When starting up a new business, one of the first things you should do is create an accounting system. You’ll need to accurately record all expenses and income right from the beginning. Read our guide to bookkeeping for small business owners below.
How to set up a small business bookkeeping system
There are a few basic procedures to follow when you’re just getting started as a business. Putting the proper systems into place ensures you can receive payments, track expenses, and record financial transactions accurately.
Step 1: Open a bank account.
You’ll need a new bank account for your small business that’s kept separate to your personal accounts. This is important for accurate bookkeeping, as it’s where you’ll see income coming in and expenses going out.
Step 2: Choose an accounting method.
Your business accounting method will determine how all relevant accounts are balanced. There are two accounting methods to choose from:
With the cash-based method of accounting, you only record expenses and income when the cash transaction is completed. You would only record revenue for a service after the customer has paid you.
With the accrual basis of accounting, you record income when the service is provided or sale is made, even if you don’t receive customer payment until later. Under the accrual basis, you use a double-entry accounting system to keep the books balanced. This means you must record two entries for each transaction: a debit and a credit.
Step 3: Decide how to record transactions.
The next step is to set up your personal accounts. You can opt to hire an accountant to get you started, purchase an accounting software program, or set up your own spreadsheets to record transactions by hand.
Step 4: Set up your terms of payment.
How will you accept client payments? This usually depends on the type of business you’re running. Most online retailers accept payments at the point of sale, for example. However, if you provide marketing or graphic design services, you might send invoices to clients when work is completed.
You’ll also need a method for accepting payments, whether it’s through a merchant account, third-party gateway, or integrated platform. Be sure to compare fees carefully before choosing any payment system, as these will cut into your sales profits.
Step 5: Set up the correct tax structure.
Of course, one of the main reasons for putting a strong business accounting system into place is to stay in line with all IRS regulations. Your tax role will depend on the business’s legal structure. For example, if you’re self-employed and register as a sole proprietor, LCC, or partnership, you’ll be able to simply claim all business income on your personal tax return each year. However, if you are starting a corporation it would be considered a separate tax entity.
Step 6: Think about your payroll system.
If your business is large enough that you’ll be hiring help, you’ll need to also put a payroll system into place. As with tax structure, part of small business bookkeeping is choosing the right definition: independent contractor or employee. If you’re hiring employees, you’ll be responsible for withholding taxes. However, if you’re working with independent contractors, you’ll need to file 1099 forms so it’s still important to track payments.
What documents are used in accounting for small businesses?

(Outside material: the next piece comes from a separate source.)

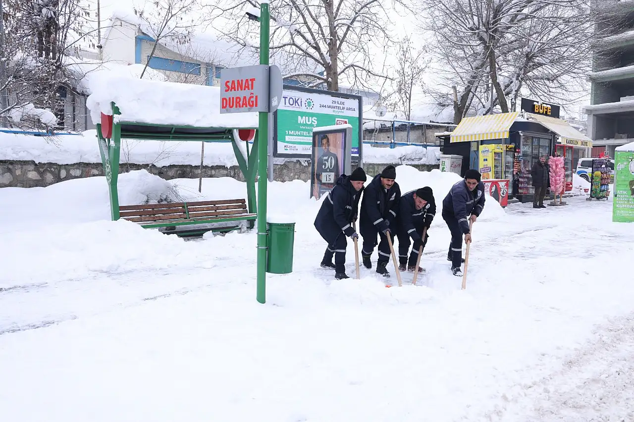 Muş'ta etkisini artıran kar yağışı nedeniyle belediye ekipleri gece boyunca karla mücadele çalışmaları yürüttü.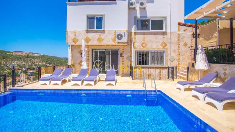 Deniz Manzarali Kiralik Villa Kiralik villa Galeri , Kalkan Akbel mevkiinde 9 yatak odali 18 kisi kapasitesindedir. Kiralik villamiz genis aile ve muhafazakâr ailelerinde tercihleri arasindadir. Deniz manzarasina sahip villamiz da Özel yüzme havuzu bulunup kiralik villa da havuz basinda barbekü yapabilir ve ihtiyaç duyabileceginiz tüm ekipmanlar bulunmaktadir. Kiralik Villa Galeri siz degerli misafirlerini agirlamayi bekliyor.

As with companies of any size, small business bookkeeping involves recording, tracking, and analyzing financial transactions. There are many documents used in accounting for small businesses, including:
Journal entries: You’ll need to record business transactions in a journal. These should be listed in chronological order, using the double-entry accounting method with separate accounts for debits and credits.
General ledger: Also called the books of final entry, the general ledger shows any changes you’ve made to the debit and credit accounts. It’s a general area where you can see each account’s current balance.
Trial balance: To test out the double-entry accounting system, you can prepare a trial balance using the recorded amounts from the general ledger. Ideally, the total credits should equal the total debits. If this isn’t the case, you’ll need to correct errors with adjusting entries.
Finally, after you’ve prepared all financial statements for the accounting period you can lay the groundwork for the next period by closing the books and preparing a post-closing trial balance.
That might seem like a lot to remember, but the hard part is simply getting everything set up. With accounting software and automated systems, it’s easy to track financial transactions and focus on growing your business.